Shel felt magnanimous enough not to point out that the hospital didn’t have enough security people and orderlies in the building to make him leave if he decided to stay. He remained quiet.
“But Dr. Abelard can be a generous man if nobody makes any trouble,” Isabella said. “So here you are. They said there were two of you.”
“My brother, Don,” Shel said. “He was here for a while. But he had to go take care of his family. They’re going to stay in town for the next day or so. Until we get Daddy through this.”

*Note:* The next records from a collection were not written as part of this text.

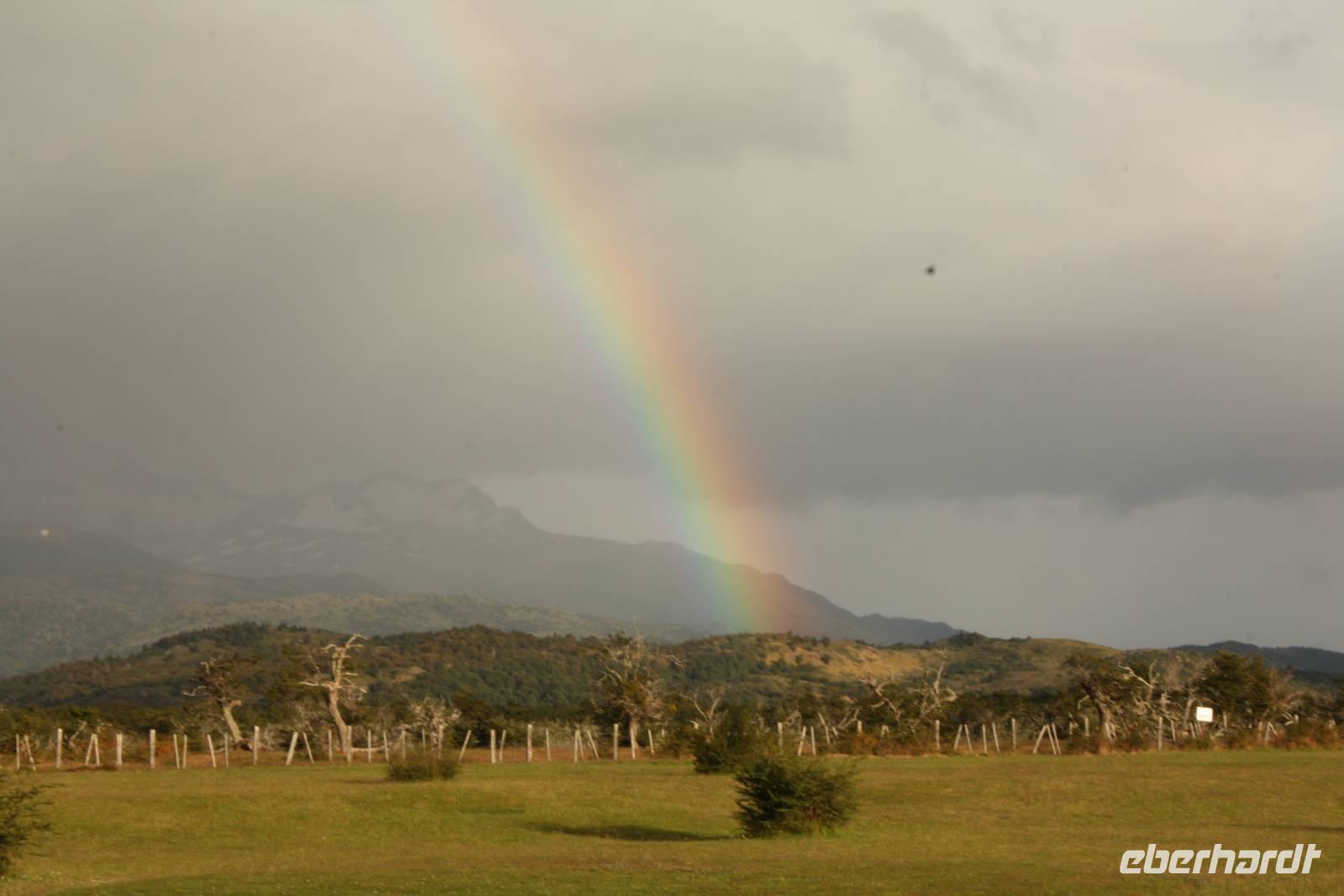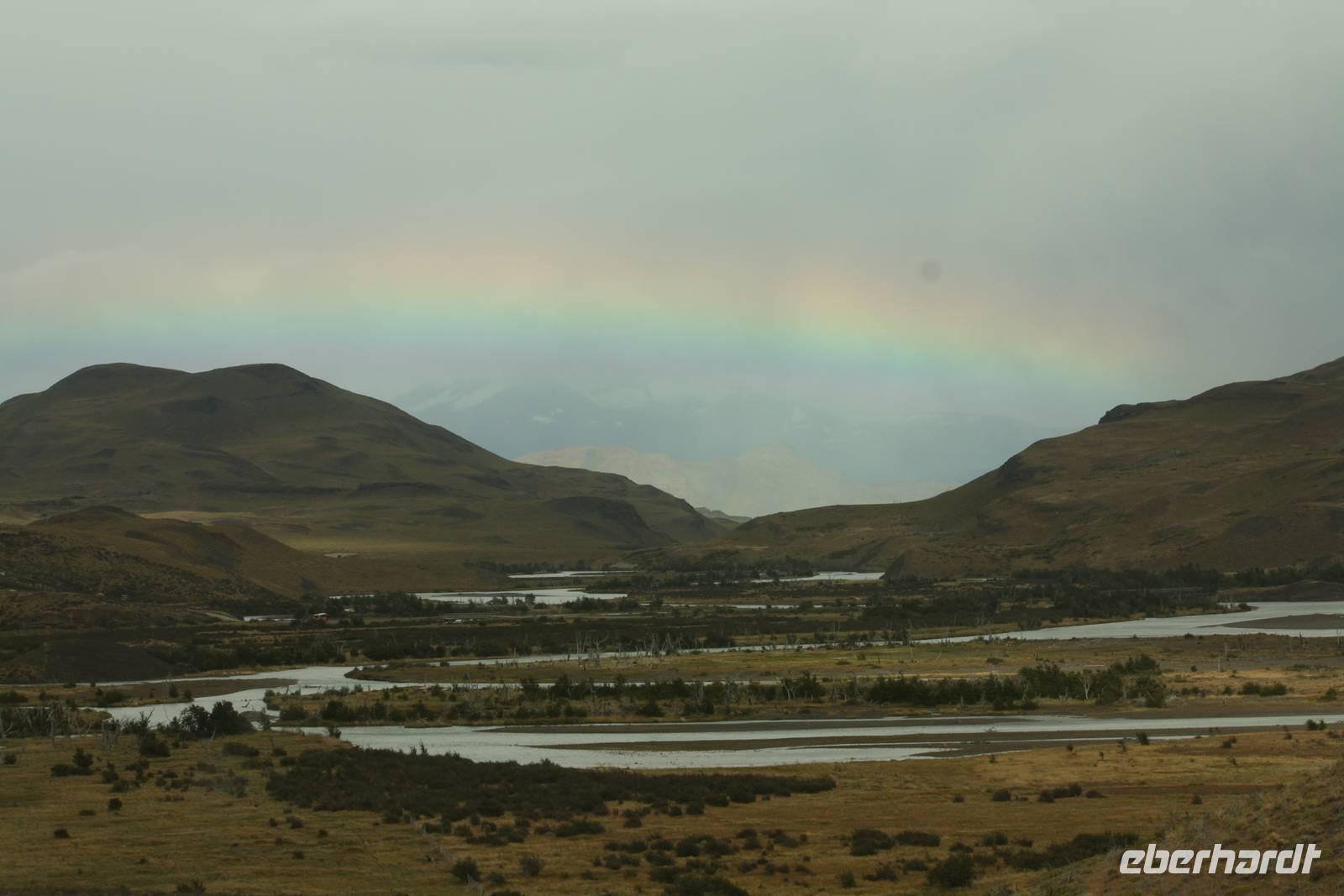 Wir verabschiedeten uns heute Morgen vom Nationalpark, der uns mit einem wunderschönen Regenbogen Lebewohl sagte. Und so fuhren wir weiter in Richtung Grenze zu Argentinien, wo wir am Mittag ankamen. Wir passierten problemlos und schnell die Grenzkontrollen und bekamen einen schönen Stempel in unsere Pässe. Ein paar Stunden später erreichten wir unser Hotel „Patagonia Queen" in El Calafate. Wir checkten gegen 16 Uhr im Hotel ein und vertraten uns bis zum Abendessen ein wenig die Beine. Das Hotel lag einwandfrei zentral und in der Nähe der Einkaufs- und Hauptstraße des Ortes, so dass wir bequem und schnell unsere Ziele erreichten. Am Abend trafen wir uns alle wieder und kehrten in einem sehr guten Restaurant am Ende des Ortes ein, wo wir uns Argentinisches Rindersteak schmecken ließen.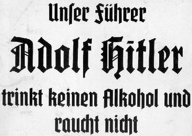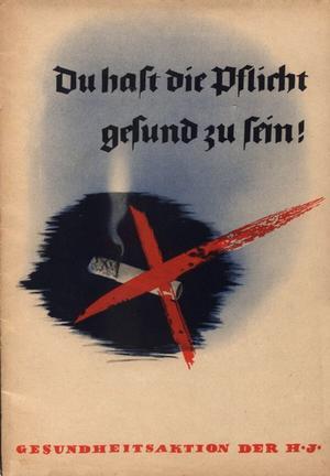 Národní socialisté se ve snaze o zdraví německého lidu zároveň pustili do kampaně proti alkoholismu a kouření. Na druhém Národním kongresu zabývajícím se veřejným zdravím, bojem proti alkoholu a drogám, byly formulovány čtyři požadavky (ochrana mládeže před alkoholem a tabákem, zákaz alkoholu při řízení, zvýšení produkce nealkoholických nápojů a konečně zrušení reklamy na tabák a alkohol). V novinách se objevily plagáty upozorňující na skutečnost, že vůdce nepije a nekouří (berlínský deník Auf der Wacht někdy v roce 1937). V roce 1939 celé vedení Hitlerjugend jako jeden muž přestalo kouřit: „Du hast die Pficht gesund zu sein!“ proklamovalo se na titulní stránce příručky pro Hitlerovu mládež (tvá povinnost je být zdráv).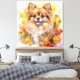 Wasserfarbe eines Pomchi (Spitz/Chihuahua) Hundes mit bräunlichem und weißem Fell und spitzen Ohren, die unter den Herbstlauben lächeln.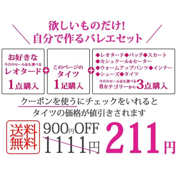 バレエ5点セット専用タイツ レオタード1着と対象商品3点同時購入用日本製穴なしタイツ クーポンで900円割引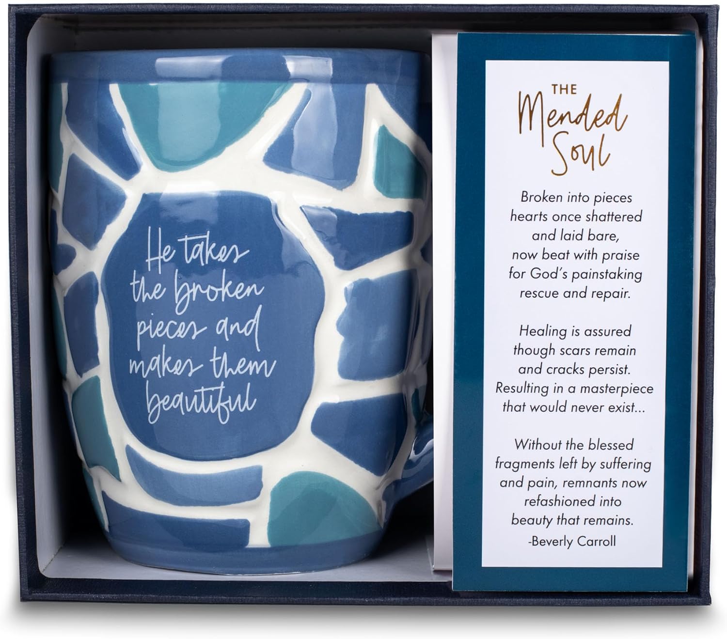 The Mended Mug artistically symbolizes life's healing journey, reflecting how broken pieces can be beautifully restored. Crafted from durable ceramic, this 16oz mug combines meaningful design with everyday practicality—microwave and dishwasher safe for convenience. Thoughtfully packaged with the Mended Soul Poem, it makes a refined and heartfelt gift that celebrates resilience and love.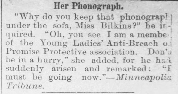 Young Ladies' Anti-Breach of Promise Protective assocation, The Rushville Standard, June 21, 1889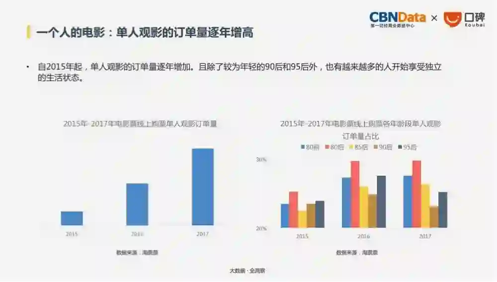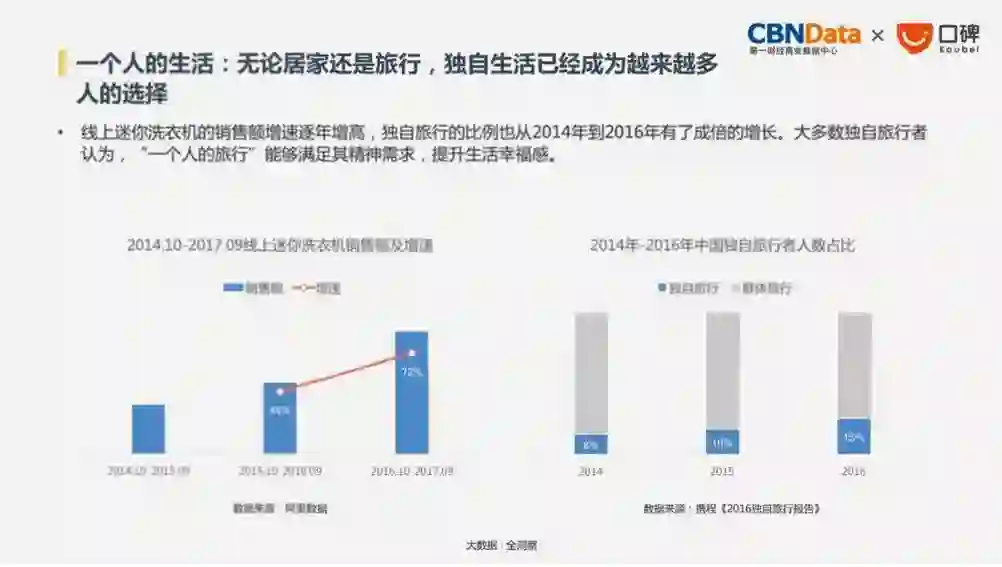 数据显示,2017年,一人用餐、单人观影的订单都比去年有大幅增长,独自旅行的比例更是从2014年到2016年逐年有成倍的增长。越来越多人享受独身的乐趣。

“Like I said, your father is going to be fine. There’s no need for anyone to get stressed. In a few days, barring any complications, we’re going to send him home.”
But there already were complications, Shel couldn’t help thinking. The murder and Victor Gant were out there lurking like land mines along their path.
“We know that,” he said. “This isn’t about being here waiting for something bad to happen. We’re here for Daddy. When he gets better, we want him to know we were here for him.”